Nondestructive testing and evaluation (NDT&E) are commonly used in the industry for their ability to identify damage and assess material conditions. Ultrasonic testing (UT) is one of the most popular NDT&E techniques. A variant of ultrasonic testing known as nonlinear ultrasonic testing (NUT) has some advantages over conventional (linear) UT as it is more sensitive to damages in their early stages; even at the microscopic levels. Furthermore, the nonlinear characteristics of ultrasonic waves can be correlated to several material properties. In the last two decades, the NUT method has been investigated from two aspects, namely the direct (modeling) problem and the inverse (NUT testing) problem. The direct problem aims to establish the nonlinear mechanism and analyze the behavior of wave-damage interaction. The inverse problem is investigated under three headings: (1) data acquisition with NUT techniques, (2) signal pre-processing and feature extraction, and (3) parameter analysis for damage characterization. The conventional data analytical methods extract nonlinear features from noisy signals and build a damage index to characterize damages. However, damage index-based analyzing model can be challenging, as other factors affect the overall system nonlinearity such as complex specimen geometry, different damage characteristics, varying ambient conditions, and measurement uncertainties. To overcome these shortcomings, machine learning (ML) methods appear promising for the analysis of complex nonlinear ultrasonic signals by exploiting data mining and pattern recognition capabilities. Therefore, this paper aims to provide a comprehensive review of the state-of-the-art ML-enriched NUT for damage characterization. Other NUT-based technologies are also reviewed, including modeling of wave-damage interaction, different NUT techniques for data acquisition, signal pre-processing methods, and damage index-based parameter analysis strategies for damage characterization. Major emphasis is placed on the application of ML methods for NDT&E applications. Additionally, future research trends on data augmentation, complex damage characterization, and baseline-free methods using NUT are also discussed.

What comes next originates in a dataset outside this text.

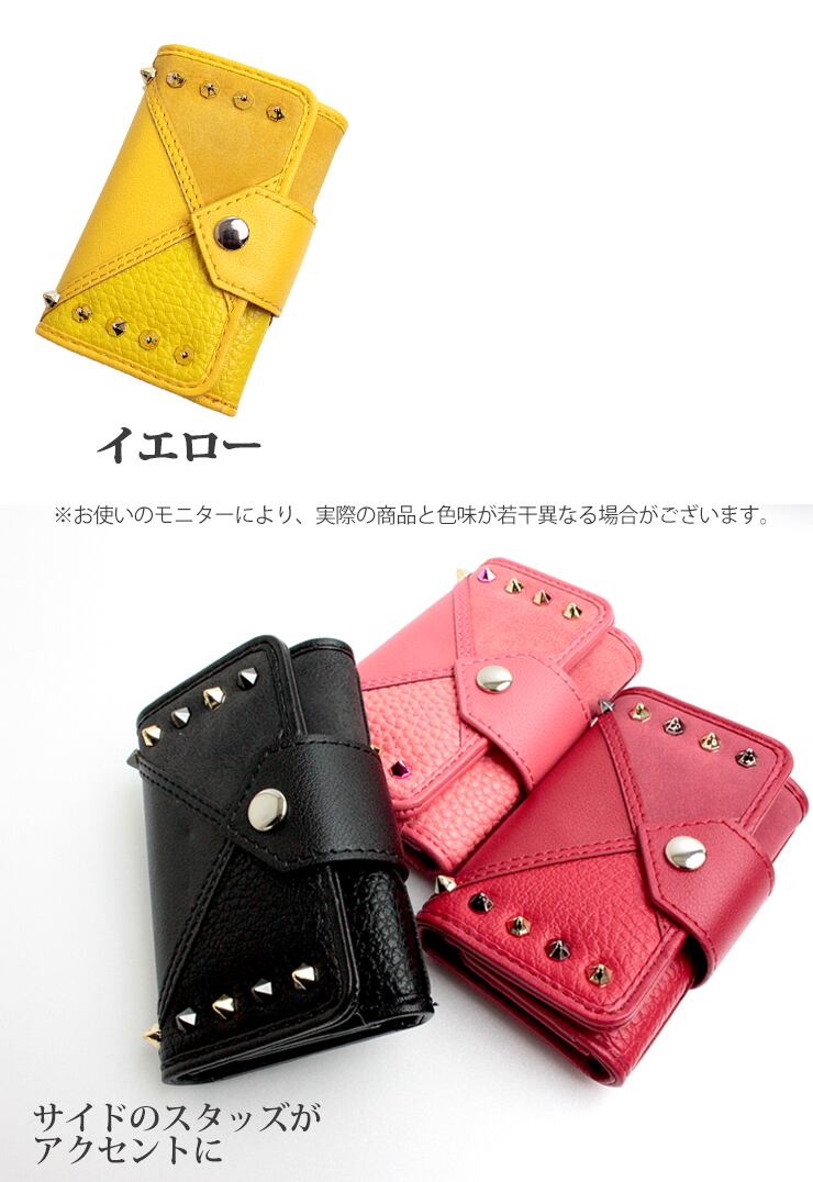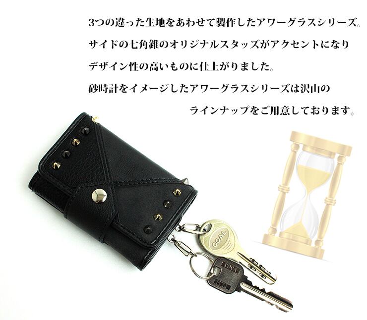 3つの違った生地をあわせて製作したアワーグラスシリーズ。 このアワーグラスシリーズより、6連キーケースが発売致しました。 サイドに散りばめられたオリジナルの七角錐のスタッズがアクセントになりデザイン性の高い物に仕上がりました。 スマートキーや鍵などをオシャレに収納! 【サイズ】約6.5cm×9.7cm 【素材】PUレザー 【カラー】オレンジ/ブラック/ホワイト/ブルー/ピンク/レッド/イエロー

无损检测和评估 (NDT&E) 因其识别损坏和评估材料状况的能力而常用于行业。超声波检测 (UT) 是最流行的无损检测技术之一。一种称为非线性超声波测试 (NUT) 的超声波测试变体与传统（线性）UT 相比具有一些优势，因为它在早期阶段对损坏更敏感；甚至在微观层面。此外，超声波的非线性特性可能与多种材料特性相关。近二十年来，NUT方法从两个方面进行了研究，即直接（建模）问题和逆（NUT测试）问题。直接问题旨在建立非线性机制并分析波损相互作用的行为。在三个标题下研究了逆问题：(1) 使用 NUT 技术获取数据，(2) 信号预处理和特征提取，以及 (3) 用于损伤表征的参数分析。传统的数据分析方法从噪声信号中提取非线性特征并建立损伤指数来表征损伤。然而，基于损伤指数的分析模型可能具有挑战性，因为其他因素会影响整个系统的非线性，例如复杂的试样几何形状、不同的损伤特征、变化的环境条件和测量不确定性。为了克服这些缺点，机器学习 (ML) 方法通过利用数据挖掘和模式识别功能来分析复杂的非线性超声信号，这似乎很有前景。所以，本文旨在全面回顾用于损伤表征的最先进的 ML-enriched NUT。还回顾了其他基于 NUT 的技术，包括波浪-损伤相互作用建模、用于数据采集的不同 NUT 技术、信号预处理方法和基于损伤指数的损伤表征参数分析策略。主要重点放在 ML 方法在 NDT&E 应用中的应用。此外，还讨论了使用 NUT 的数据增强、复杂损伤表征和无基线方法的未来研究趋势。和基于损伤指数的损伤表征参数分析策略。主要重点放在 ML 方法在 NDT&E 应用中的应用。此外，还讨论了使用 NUT 的数据增强、复杂损伤表征和无基线方法的未来研究趋势。和基于损伤指数的损伤表征参数分析策略。主要重点放在 ML 方法在 NDT&E 应用中的应用。此外，还讨论了使用 NUT 的数据增强、复杂损伤表征和无基线方法的未来研究趋势。